(Entries taken from a collection)
###

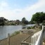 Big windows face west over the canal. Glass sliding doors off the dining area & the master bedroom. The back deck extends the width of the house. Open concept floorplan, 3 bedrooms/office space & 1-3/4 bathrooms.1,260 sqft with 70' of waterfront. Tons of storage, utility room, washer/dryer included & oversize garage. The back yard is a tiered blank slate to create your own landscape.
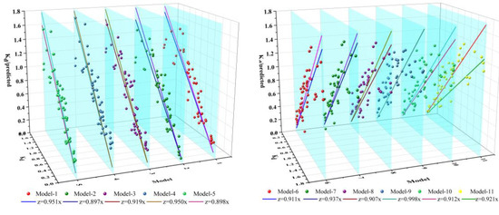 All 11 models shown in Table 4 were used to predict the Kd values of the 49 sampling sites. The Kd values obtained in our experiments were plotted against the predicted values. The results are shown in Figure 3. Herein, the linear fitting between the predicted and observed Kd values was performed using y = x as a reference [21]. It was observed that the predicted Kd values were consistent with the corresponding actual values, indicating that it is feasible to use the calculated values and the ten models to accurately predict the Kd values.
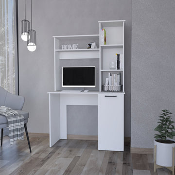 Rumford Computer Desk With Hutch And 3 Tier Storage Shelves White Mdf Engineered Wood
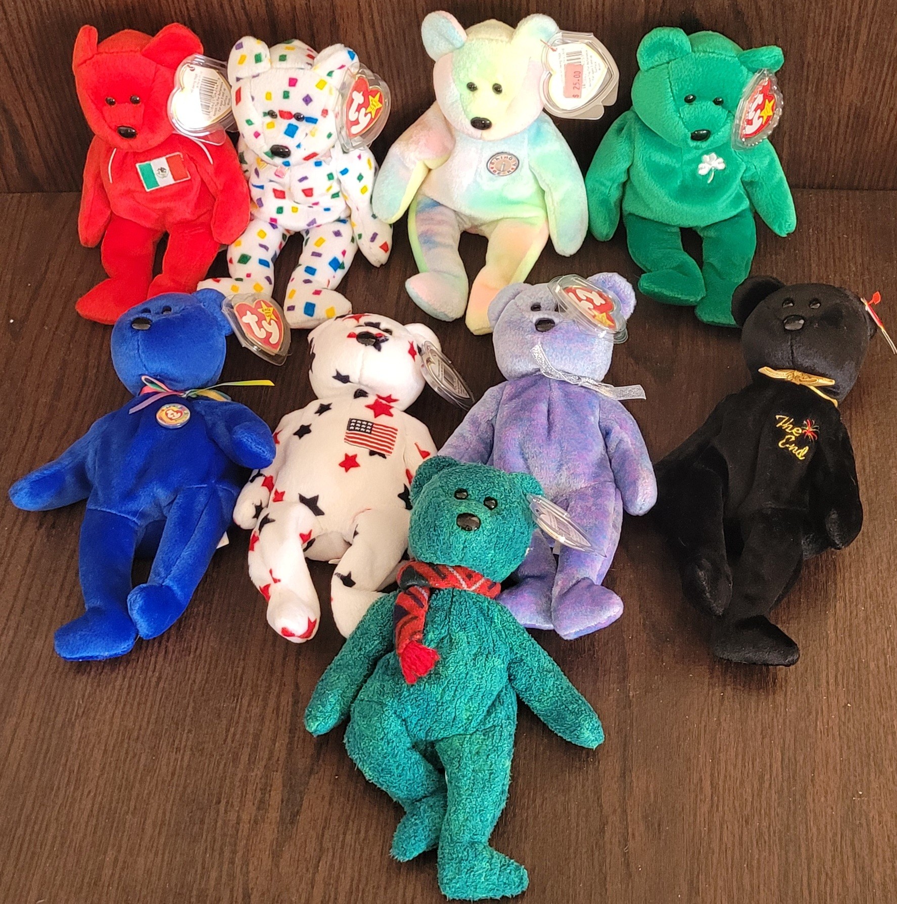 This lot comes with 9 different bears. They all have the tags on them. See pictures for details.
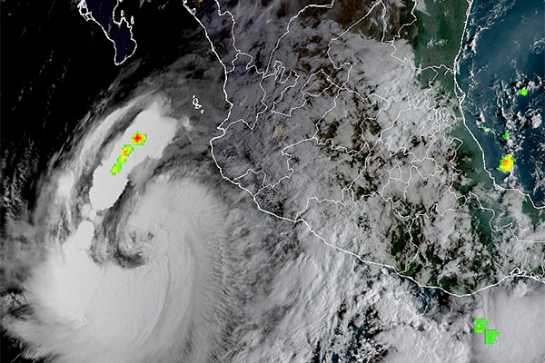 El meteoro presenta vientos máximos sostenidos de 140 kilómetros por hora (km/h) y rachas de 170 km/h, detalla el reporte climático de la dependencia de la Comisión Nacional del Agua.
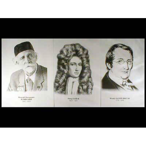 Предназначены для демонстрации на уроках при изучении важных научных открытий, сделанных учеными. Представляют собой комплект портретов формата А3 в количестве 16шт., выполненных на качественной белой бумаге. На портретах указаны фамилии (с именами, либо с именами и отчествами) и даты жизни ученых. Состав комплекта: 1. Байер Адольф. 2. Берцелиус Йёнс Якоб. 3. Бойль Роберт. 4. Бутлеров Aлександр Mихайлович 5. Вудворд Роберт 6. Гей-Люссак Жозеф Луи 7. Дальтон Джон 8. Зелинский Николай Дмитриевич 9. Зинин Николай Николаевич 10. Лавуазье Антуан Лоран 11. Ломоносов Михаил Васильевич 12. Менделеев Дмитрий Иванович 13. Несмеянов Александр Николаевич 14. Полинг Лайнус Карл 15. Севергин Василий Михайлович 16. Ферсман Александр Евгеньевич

###

Would you output the lines above from the line holding "All 11 models" up to and including the line holding "El meteoro presenta", exactly and only those, with no pictures?

§ RESULT OF THIS EXERCISE:
 All 11 models shown in Table 4 were used to predict the Kd values of the 49 sampling sites. The Kd values obtained in our experiments were plotted against the predicted values. The results are shown in Figure 3. Herein, the linear fitting between the predicted and observed Kd values was performed using y = x as a reference [21]. It was observed that the predicted Kd values were consistent with the corresponding actual values, indicating that it is feasible to use the calculated values and the ten models to accurately predict the Kd values.
 Rumford Computer Desk With Hutch And 3 Tier Storage Shelves White Mdf Engineered Wood
 This lot comes with 9 different bears. They all have the tags on them. See pictures for details.
 El meteoro presenta vientos máximos sostenidos de 140 kilómetros por hora (km/h) y rachas de 170 km/h, detalla el reporte climático de la dependencia de la Comisión Nacional del Agua.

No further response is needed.